In life (I believe) that each and everyone of us needs to be accountable to someone… or perhaps to more than one person. I don’t believe that there is a single human being that, left to their own senses and devices, will always make proper decisions and see things completely clearly.
That is where an “accountability partner” can serve us. In order for someone to hold an other accountable there needs to be a close, personal relationship. One needs to be able to “read” the other, too have an ability to almost see into the future. You know what I mean. You look at your friend’s life and based on the time you’ve spent together you can see where their actions (or inaction’s) are leading. Is that where they need to be heading?! Is that journey going to ultimately harm them and/or their family? An accountability partner should be able to discern where and when that poor decision is being made and be able to honestly and forthrightly address it to you.
It has been my experience that it is rare for an individual to be willing to receive such accountability. Rarer yet is the individual who is willing to listen to an accountability partner, accept the evaluation and then take the necessary steps to implement the change(s). That, my dear readers, is the mark of a person of integrity and maturity.
Let’s face it folks. None of us are (or ever will be) perfect. Why wouldn’t we be willing to make the necessary changes? Why wouldn’t we be willing to look at our past poor decisions and learn from them? Why wouldn’t we be willing to say, “Wow, I sure screwed that up. I need someone to help me see those obstacles in the future!”

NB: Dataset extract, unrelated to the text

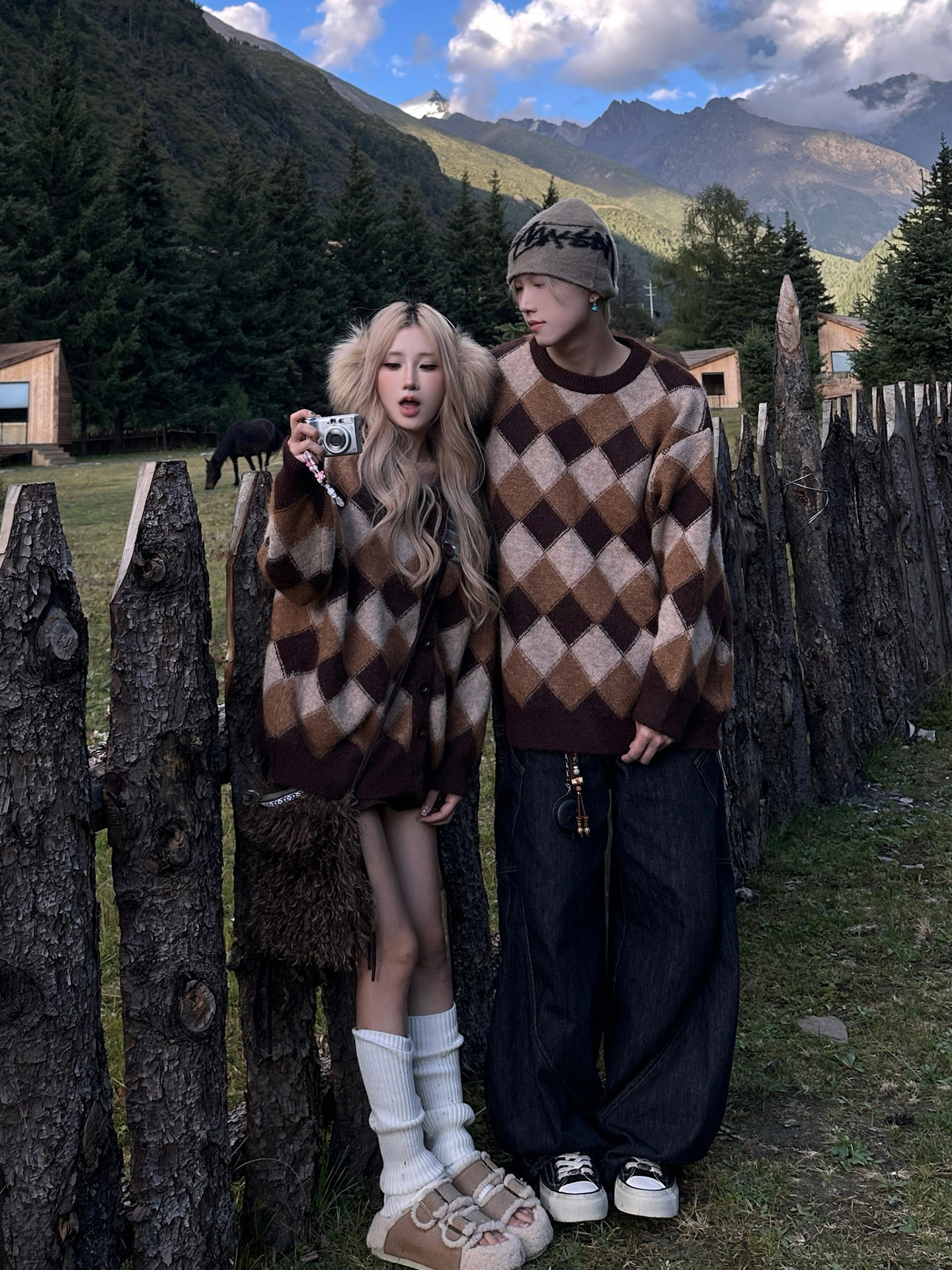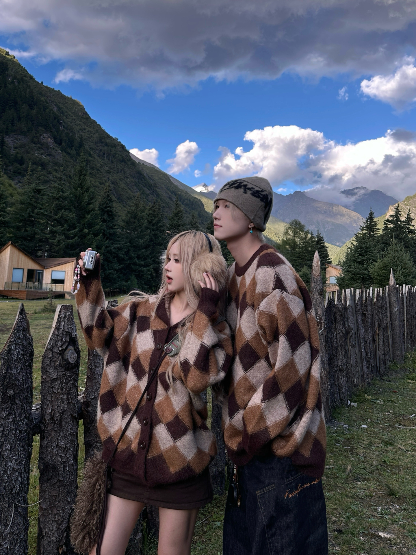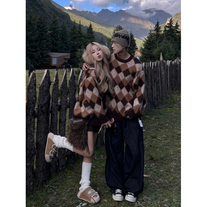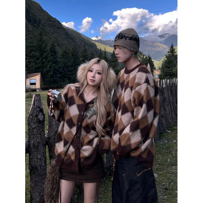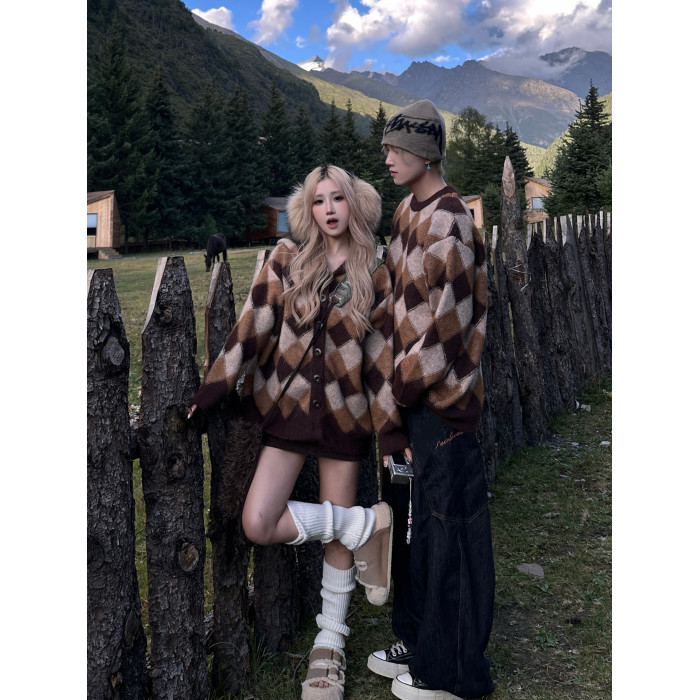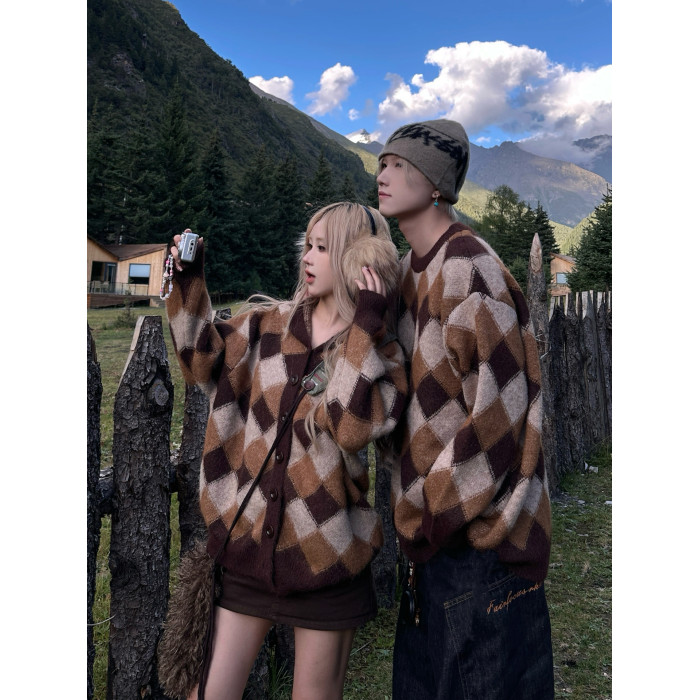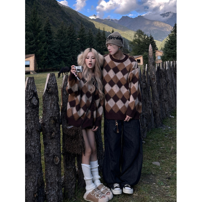 美式復古菱格撞色毛衣男女情侶裝秋冬季2025寬松慵懶風針織衫外套

I think the simple answer is… PRIDE! Not many people are willing to admit to themselves that they need help. Even fewer people are willing to admit to another person that they need help. Here’s a NEWS FLASH. WE ALL NEED HELP!!
Okay now stop that right now! Stop thinking about that person you are thinking of. Sure, maybe they do need help but so do you (and me too of course)!
If you don’t have an accountability partner consider talking to a friend about the matter. However, being an accountability partner does not necessarily give you authority to hound the person. You need to be able to talk about the (serious) things you see and too be able to offer suggestions on another approach. Share your life with someone you respect and grow!
So here are a few questions.
1. Are YOU willing to receive criticism?
2. Will YOU act on the information when you get it?
3. Are YOU willing to risk a friendship to tell your friend they are heading for a train wreck?
4. Are YOU willing to do what is necessary to become a better all round person?
5. Do YOU want to be the same person you are NEXT December?
I ran across these quotes in a computer program I have and feel they are pertinent.
* A person may cause evil to others not only by his actions but by his inaction, and in either case he is justly accountable to them for the injury.
John Stuart Mill (1806–1873)
* Life is like a cash register in that every account, every thought, every deed, like every sale, is registered and recorded.
Archbishop Fulton J. Sheen (1895–1979)
* My Spirit searches the deep things of the heart. I not only taste the fruit, I test the soundness of the tree. I do not look at the leaves, but examine the roots. I behold not the shape of the tree, but test the heart.
Frances J. Roberts
* The sins ye do by two and two, ye must pay for, one by one.
Rudyard Kipling (1865–1936)
* What difference does it make to you what someone else becomes, or says, or does? You do not need to answer for others, only for yourself.